Coffee bar chain Starbucks says it is switching WiFi providers in its U.S.
locations, moving from AT&T to Google, to give customers faster wireless
The WiFi service from Google, in conjunction with Level 3 Communications, will be as much as 10 times faster than the current service, the company said.
The service will be rolled out in stages to 7,000 U.S. stores, starting with the busiest locations where WiFi usage is highest, and the transition should be completed in about 18 months, Starbucks said.
"This is obviously an important milestone in our relationship with Google," Starbucks Chief Digital Officer Adam Brotman told CNET. "We do hope this is one step amongst many that we can continue to build upon what's already a great partnership with Google."
Starbucks stores are currently connected with a T1 line for 1.5-megabit speeds.
Level 3 and Google will upgrade the system in every location, although the actual speed boost will vary from store to store, Brotman said.
"When you start getting to really, really fast speeds, it's difficult to put it in the same way everywhere," he said. "Instead of finding one common denominator, we're saying, no, let's upgrade everything.
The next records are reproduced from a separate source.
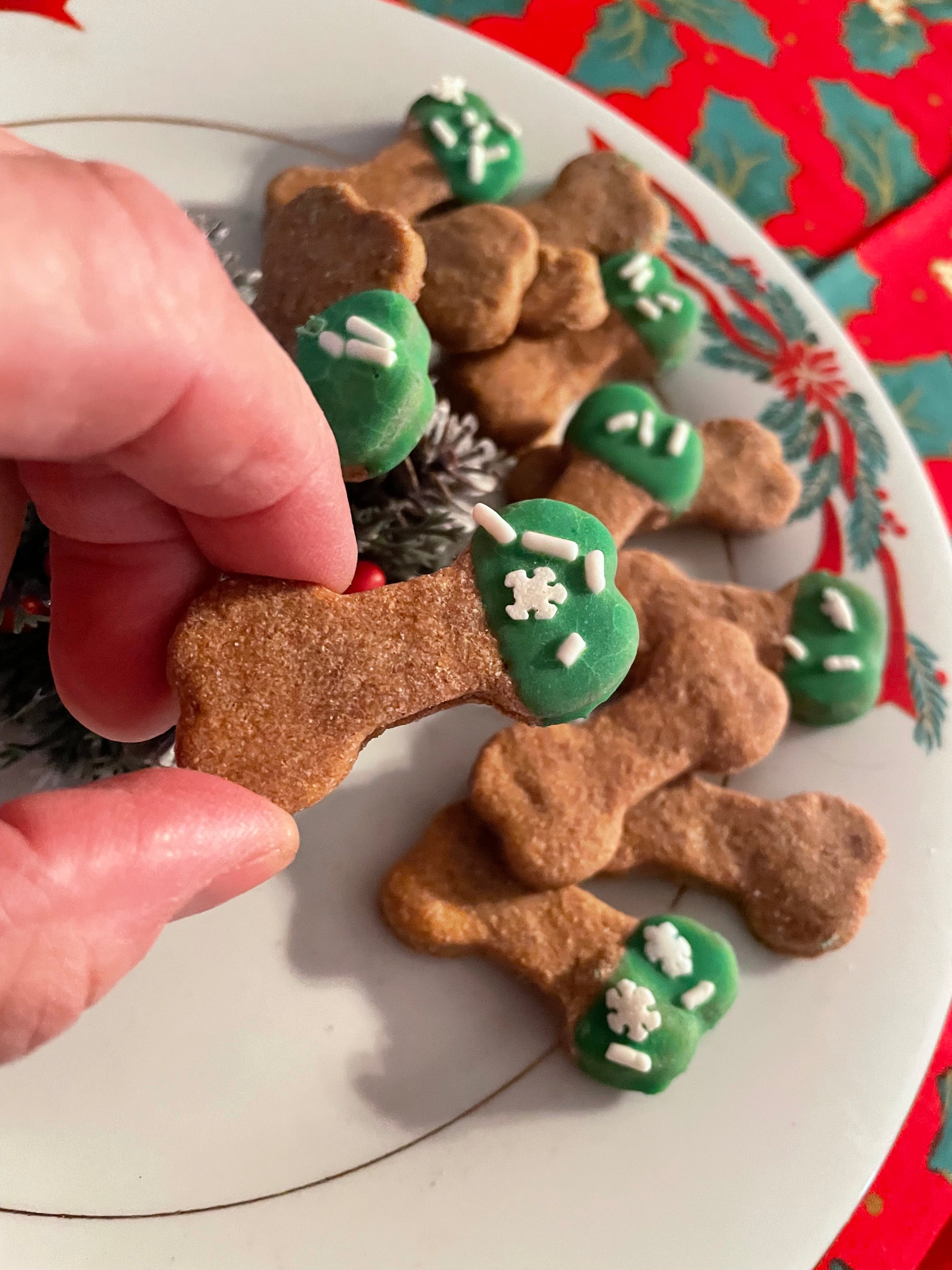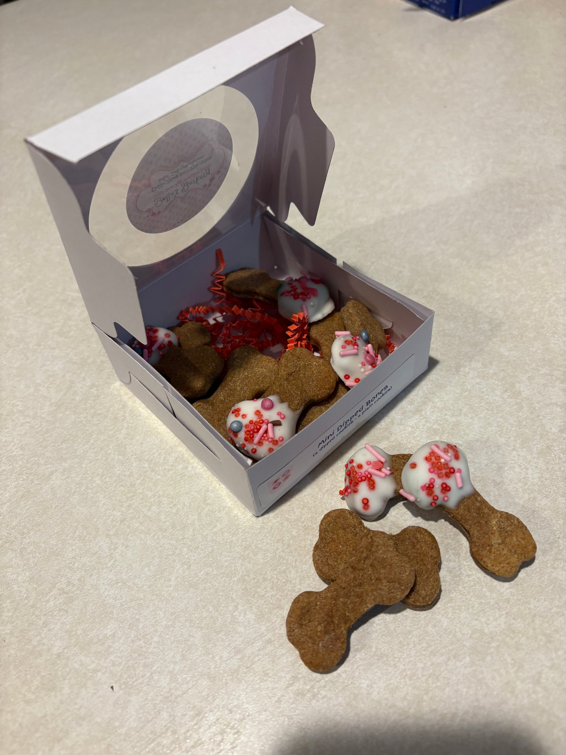 This box is packed with lots of fun n yummy goodness. 12 to 15 Medium sized bones packed with peanut butter n applesauce, then we dipped each in yogurt frosting n doggy sprinkles! Yum- eeeee! Then packed for your puppy’s stockings
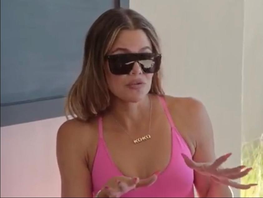 Khloe Kardashian wearing her "KoKo" script name necklace
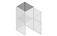 Cogan double tier tenant storage lockers feature 7'0", 7'6" or 8'0" freestanding posts. All panels, dividing shelves and swing doors are made of heavy-duty 2"x2"x10GA welded wire mesh framed in 1 ¼"x1 ¼"x12GA structural angle and sealed with a powder-coated grey paint finish. Transom angle is attached to the front and runs along the top of each unit, creating a superior reinforced frame. Roof panels are made of 2"x2"x6&8GA or 2"x4"x10GA galvanized welded wire mesh. Back panels are made of 2"x2"x6&8GA galvanized welded wire mesh. The open wire mesh construction is maintenance-free and allows for proper ventilation and full light penetration. Your property remains in top condition and in constant view.
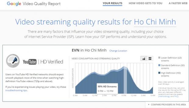 Chương trình Video Quality Report từ Google cho phép bạn kiểm tra chất lượng video mà mình có thể xem theo tốc độ đường truyền của nhà mạng.
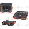 Négy ponton záródó, biztonságos műcsalis doboz. A jól bevált hagyományoknak megfelelően a belső beosztás szabadon alakítható. Az átlátszó fedőnek köszönhetően a tartalom egy pillanat alatt áttekinthető.
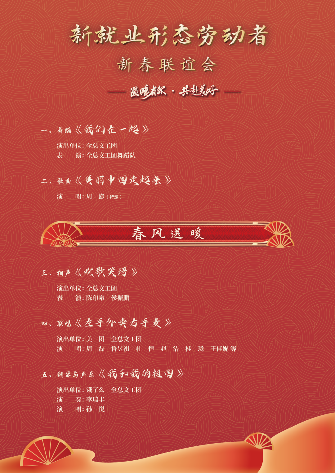 此次活動(dòng)以“溫暖有你 共赴美好”為主題,突出喜慶、溫暖、美好的主基調(diào),分為“春風(fēng)送暖、關(guān)愛情暖、新春心暖”三個(gè)篇章,通過(guò)文藝工作者與新就業(yè)形態(tài)勞動(dòng)者同臺(tái)演出的聯(lián)誼活動(dòng),讓廣大職工感受到“娘家人”的關(guān)心和節(jié)日的溫暖,是在農(nóng)歷春節(jié)即將到來(lái)之際,面向全體新就業(yè)形態(tài)勞動(dòng)者和全國(guó)廣大職工開展的一次文化送溫暖活動(dòng)。
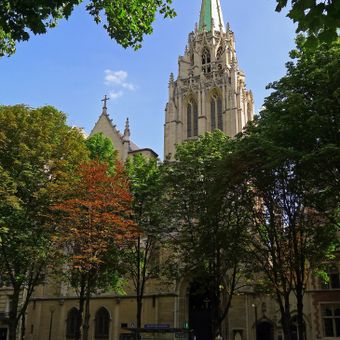 La Chiesa Americana di Parigi sorge vicino alla Senna, caratterizzata da una guglia verde ed elementi architettonici neogotico con vetrate colorate.
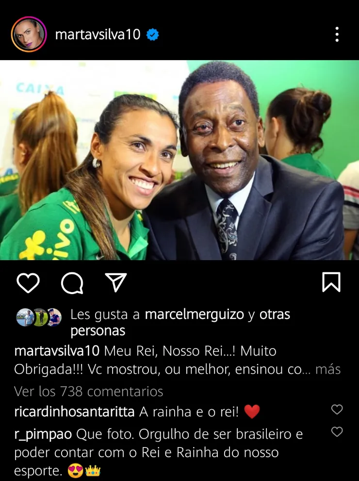 23:30 | La mejor futbolista brasileña de todos los tiempos, Marta Silva, presentó sus respetos al ídolo a través de Instagram.
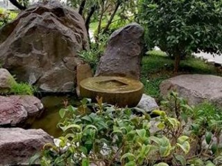 Un laghetto situato ai piedi del padiglione consente di ammirare una collezione di carpe Koï, che nuotano tranquillamente tra ninfee e fiori di loto.
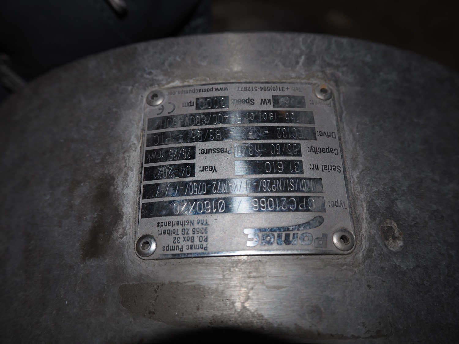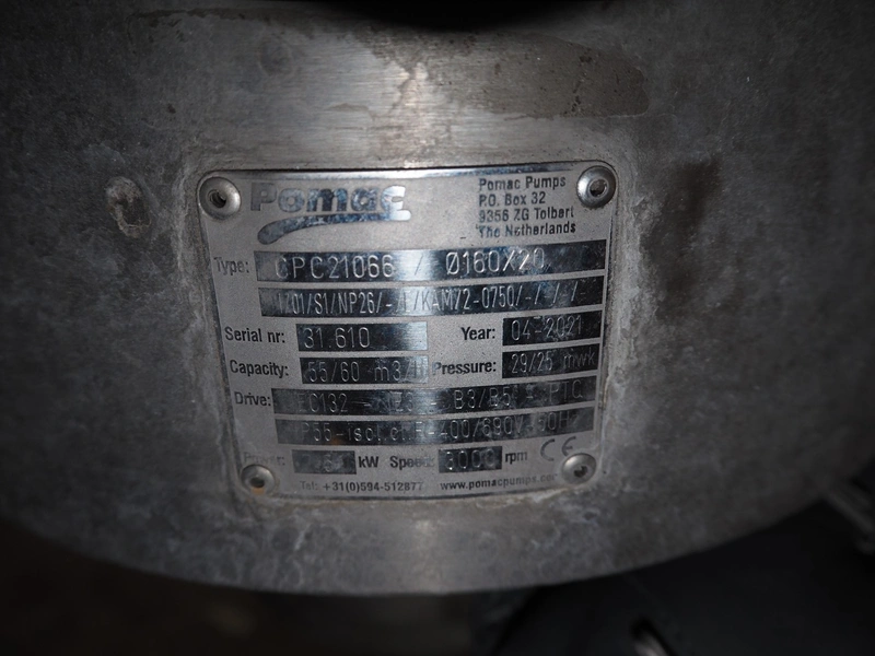 Pomac centrifugal pump, type: CPC21066 / Ø 160x20, serial number: 31 610, year of construction: 04/2021, power: 2.5 kW, 3000 rpm, capacity: 55/60 m³/h, dimensions: 700 mm x 300 mm x 500 mm.
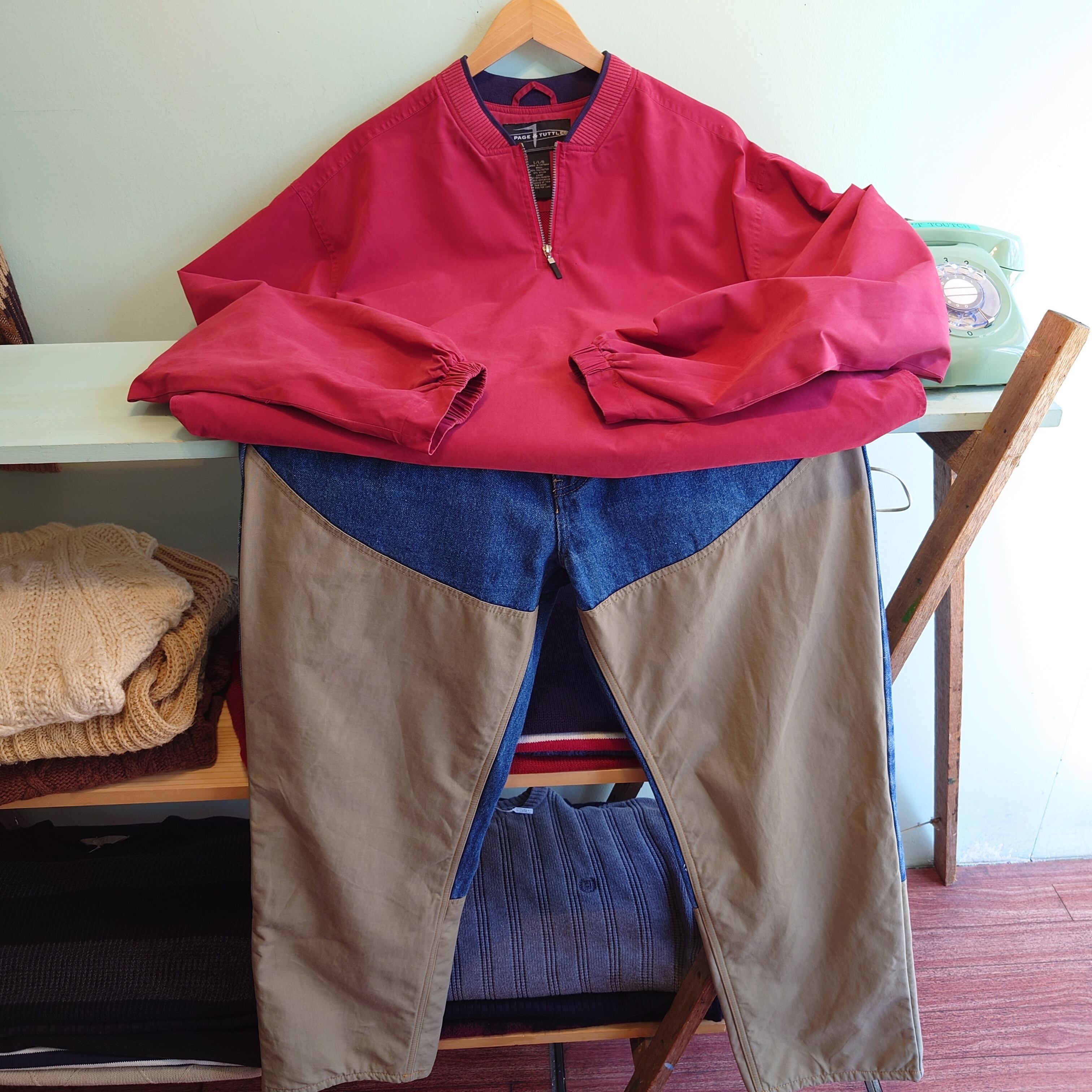 ◎PAGE & TUTTLE 90-00s クォータージッププルオーバー 異素材プルオーバー スニードジャック 赤系 L
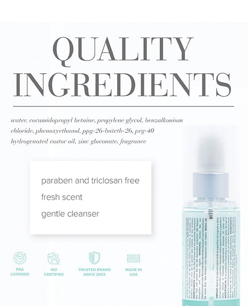 JO Misting Toy Cleaner (lightly scented) needs only one minute to clean and refresh toys. Apply to the entire surface of the toy and rinse with water 60 seconds later. The mild-yet-effective cleanser keeps toys ready for play at a moments notice. Key Ingredients. Cocamidopropyl Betaine - A surfactant that comes from coconut oil. This allows the foam to easily get rid of hard to clean oils and is known for being gentle on skin. Benzalkonium Chloride - A disinfectant or antiseptic that is often used in cosmetics as well as other daily cleaners and has a long reputation of safety.
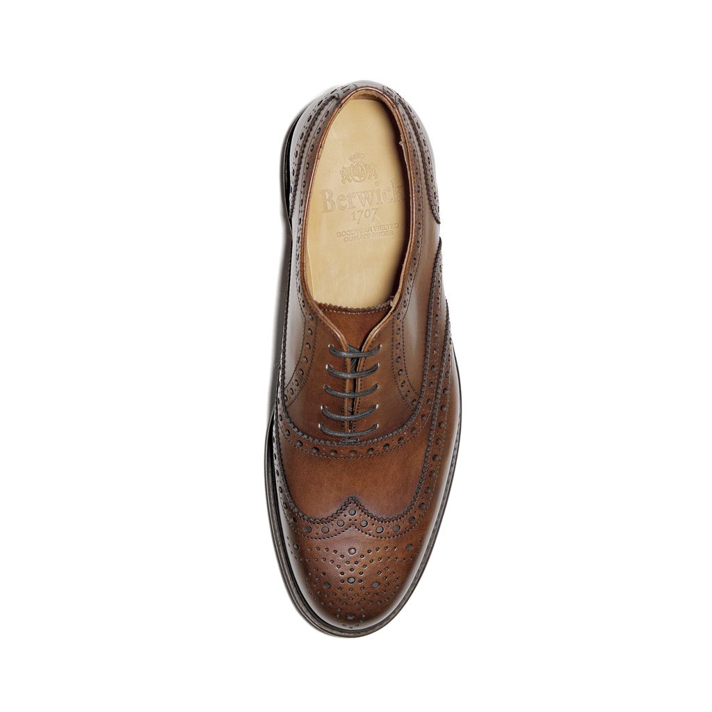 Etwas ungewöhnliche Oxford-Schuhe von Berwick, die britische Eleganz in solider spanischer Verarbeitung verkörpern. Dekorative Lochungen und die charakteristische „Wingtip“-Spitze verleihen dem Modell einen unverwechselbaren Look, während die Goodyear-Welt-Konstruktion eine lange Lebensdauer und außergewöhnlichen Komfort garantiert. Die ideale Wahl für formelle und smarte Freizeit-Outfits.
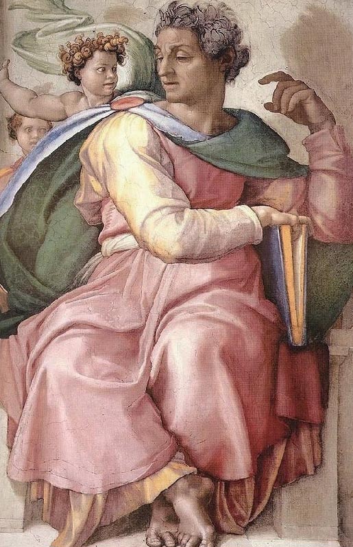 30.米开朗琪罗:《先知伊赛亚》,西克斯庭教堂天顶画之一,局部。米开朗琪罗在文艺复兴思潮中代表苦闷与英勇斗争的近代精神,主要是力的表现
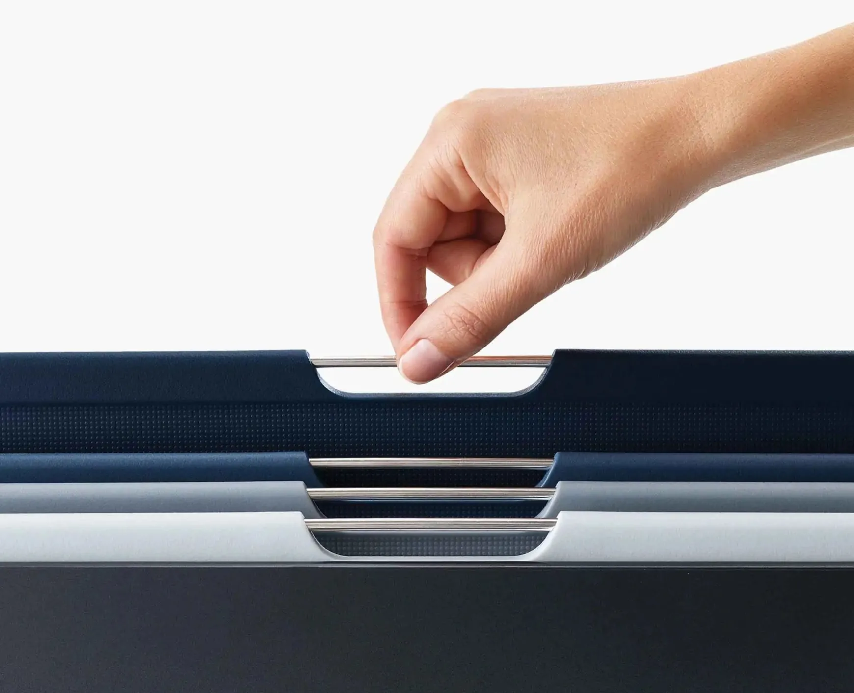 Every great meal starts with a cutting board, so we designed Folio™ to make the food-prep process more efficient and enjoyable. Our cutting board set includes four colour-coded boards with knife-friendly, textured surfaces and non-slip grip feet for safer slicing, cutting and dicing. Stainless-steel bars make it easy to select the board you need from the slim storage case.
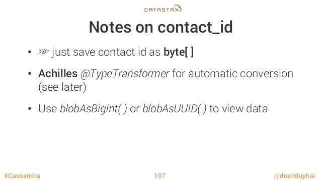 - 107. #Cassandra @doanduyhai Notes on contact_id • ☞ just save contact id as byte[ ] • Achilles @TypeTransformer for automatic conversion (see later) • Use blobAsBigInt( ) or blobAsUUID( ) to view data 107
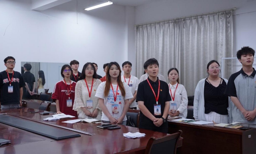 大会第三项,由入党介绍人介绍刘海洋等八位同志的基本情况。入党介绍人表示八位同志档案材料及家庭情况均无任何政治问题。2025年5月10日,经过讨论,一致认为八位同志符合成为一名预备党员的条件,同意吸收他们成为预备党员。
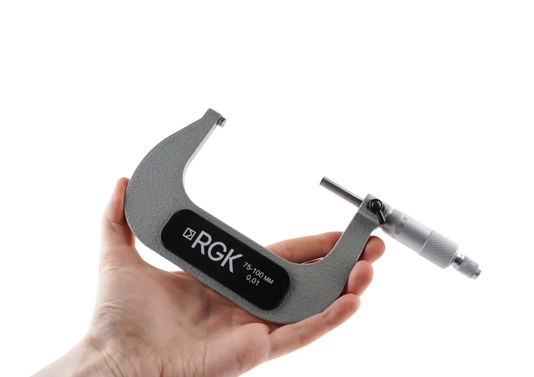 RGK MCM-100 представляет собой ручной измеритель внешних размеров с гладкими контактными поверхностями, ценой деления 0,01 мм и рабочим диапазоном от 75 до 100 мм.
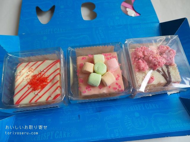 岩おこしのお店「あみだ池大黒」が手がける日本初のライスクリスピートリート専門店 「マシュー&クリスピー」より春の季節限定のお菓子をお取り寄せしました。 お米のシリアルを、マシュマロで固めたふんわりサクサクの生地の上に、チョコレートなどでデコレーションを行った、新食感スイーツです。アメリカの気軽なおやつの定番、マシュマロ&ライスクリスピーをアレンジしたお菓子。ポップなデザインと色合いが人気。
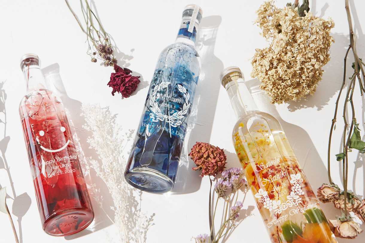 中でも特別なプレゼントには、華やかにアレンジされたハーバリウムに記念のメッセージを入れたオリジナルボトルを用意しませんか?
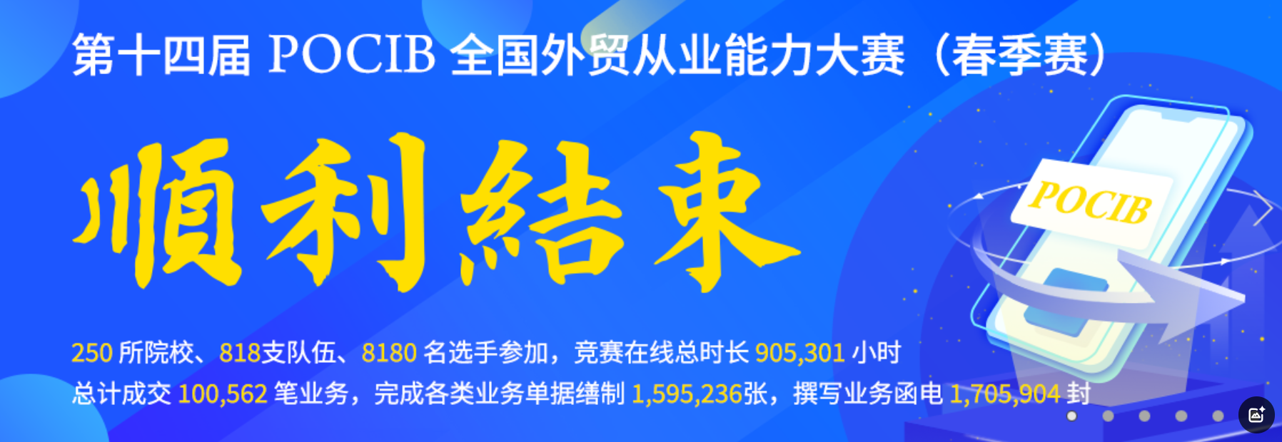 第十四届POCIB全国大学生外贸从业能力大赛(秋季赛)完美谢幕,网投经济与管理学院在数字经济产业学院的大力支持下,组成6
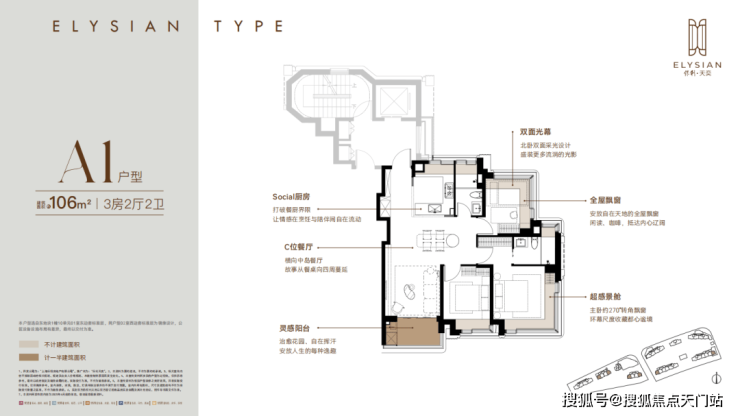 建筑立面转角处匠心设计约270度转角飘窗,打破传统方正格局,拓宽视野边界,将窗外美景尽收眼底。
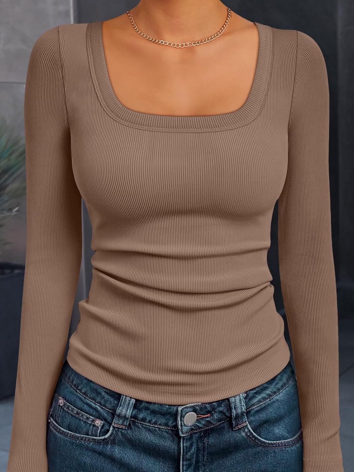 AUTOMET Womens Long Sleeve Shirts Square Neck Tops Ribbed Knit Basic Teen Girls Crop Tops Fall Outfits Fashion Clothes 2025(Khaki)
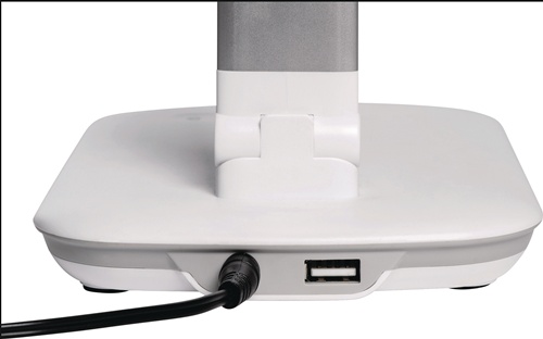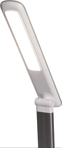 Aluminium/Kunststoff · mit Standfuß · mit integriertem 5V, max. 500 mA USB Typ A Anschluss zum Aufladen von z. B. Smartphones · 5-Stufen-Dimmer mit Touchfeld-Bedienung am Leuchtenfuß · Leuchtenkopf 265 x 50 mm – Armlänge 365 mm – Höhe 425 mm ∙ Betriebsspannung 220 - 240 V · Lichtfarbe 4.000 Kelvin - neutralweiß · Lebensdauer 50.000 Stunden · Lichtstrom 830 Lumen · gewichteter Energieverbrauch 5 kWh/1000 h · Energieeffizienzklasse C (Spektrum A bis G)

It some case, it will be faster than 10-times, sometimes slower."
Starbucks' free WiFi, long popular with Internet users, is likely to be even more popular with faster connection speeds, he said.
"We're moving to much more of a streaming world across all media types," Brotman said. "This increased bandwidth will match what consumers are doing on the Web today, whether downloading or streaming or both."